Turmoil in the global financial markets could, ironically, offer relief to prices in the commodity exchanges, where leading confectioners lock in key raw materials for their formulations, with evidence this week suggesting a wave of non-commercial speculators are selling their positions.
With an eye on the soaring prices of key food commodities in the past 12 months, investors have thrown billions of dollars at the commodity markets in a bid to make a quick buck.
Indeed, some observers have argued that this massive influx of funds – from Wall Street banks to hedge funds – actually played a role in pushing up food prices for the food industry and, in turn, for consumers.
In its annual Agricultural Outlook report, the UN's Food and Agricultural Organisation warned in May that "a key concern [for prices] is the participation of new agents that are perceived to be motivated by risk-diversification to the exclusion of serious assessment of price levels".
It added that "increased price volatility seems a plausible result give the volume of these non-commercial investments".
But fresh figures released from the US Commodity Futures Trading Commission (CFTC) reveal that as the global credit crisis deepens, the number of speculative positions is falling. For example, from 30 September to 7 October, the exchange registered a 73 per cent fall in speculator positions for sugar, free-falling from 43,005 (long positions - a commitment to buy) to 11,413 (long positions). Long positions for corn also dropped, from 98,244 to 73,297.

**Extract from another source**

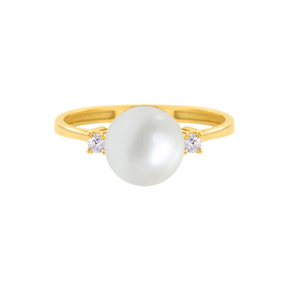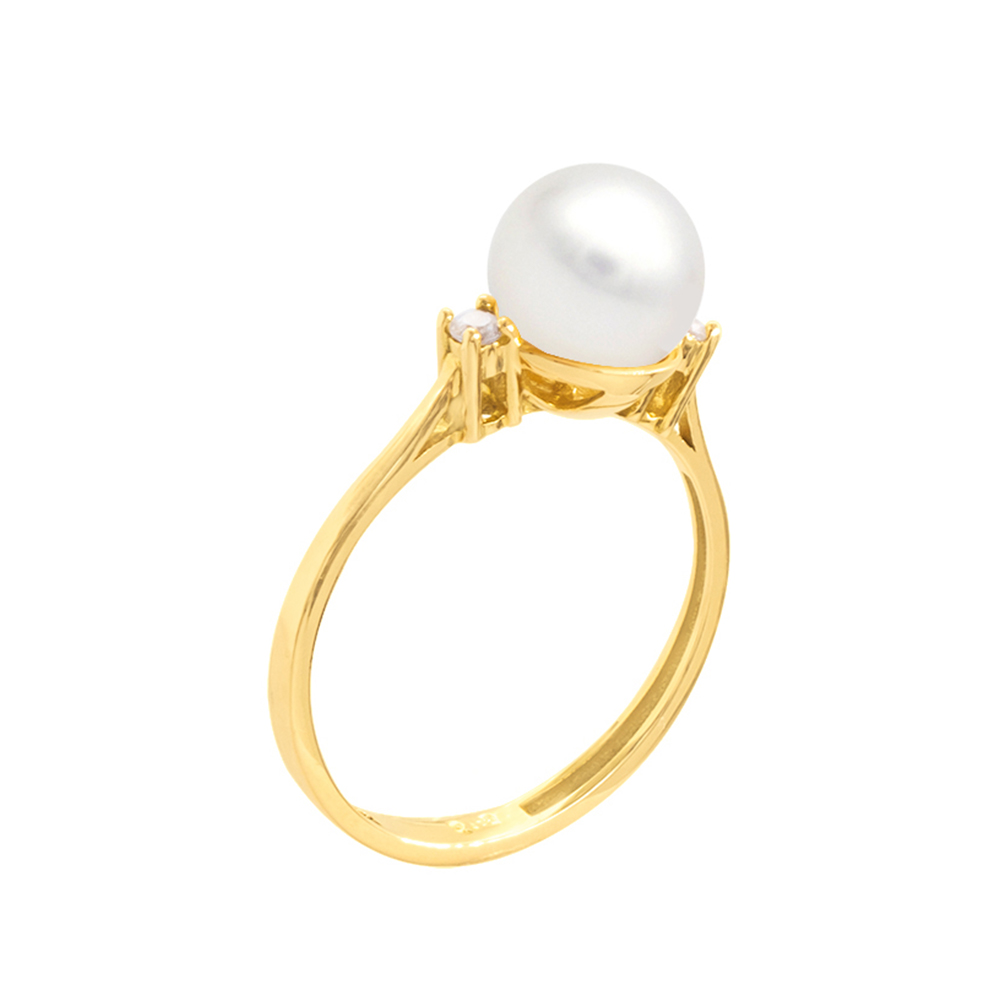Δαχτυλίδι Κ14 χρυσό με λευκό μαργαριτάρι Akoya και ζιργκόν - R124429

If, as is suggested by the FAO, "the aggregate effect of all their [institutional investors] activities may be upward pressure on derivative market prices in the short term" then, arguably, as the funds start to exit the commodity exchanges, confectionery makers could see a softening in price for key raw materials and their ingredients, from starches to oil.
Despite these recent exits, the role of the speculator in contributing to food prices is far from off the radar. At the beginning of this month, the CFTC announced it will serve as co-chair of an international task force designed to study oversight of commodity markets on a global scale.

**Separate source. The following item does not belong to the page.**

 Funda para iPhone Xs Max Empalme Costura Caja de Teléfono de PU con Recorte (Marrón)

"The global commodity derivatives markets have undergone profound changes due to electronic trading, globalisation, financial innovation and the entry of new trading participants. Recognising these evolutions, IOSCO’s Technical Committee has charged the TFCM with examining the current supervisory approaches for overseeing commodity markets worldwide," said the CFTC.
The CFTC will co-chair the International Organisation of Securities Commission’s (IOSCO) newly-created Task Force on Commodity Markets (TFCM), along with the UK's Financial Services Authority (FSA).

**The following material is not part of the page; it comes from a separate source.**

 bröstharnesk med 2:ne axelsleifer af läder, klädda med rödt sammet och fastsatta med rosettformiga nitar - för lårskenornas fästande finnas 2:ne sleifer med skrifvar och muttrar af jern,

Leading players in the food industry, such as Nestle and agribusiness giant Cargill, have been using the commodity exchanges for many years to help manage risk to their raw material supply chains.
When ConfectioneryNews.com asked Nestle last week about the potential impact of the global financial crisis on pending transactions for the group's derivatives and futures positions, and particularly the impact of the bail-out of global US insurer AIG, a key insurer of derivatives on the commodity index, a Nestle spokesperson responded: "In keeping with its culture of taking the long-term view, Nestlé has strong systems and legal agreements in place to protect its financial interests."
"Over the last 12 months, the company has taken steps to significantly mitigate any exposure to financial risks," the Swiss firm told ConfectioneryNews.com.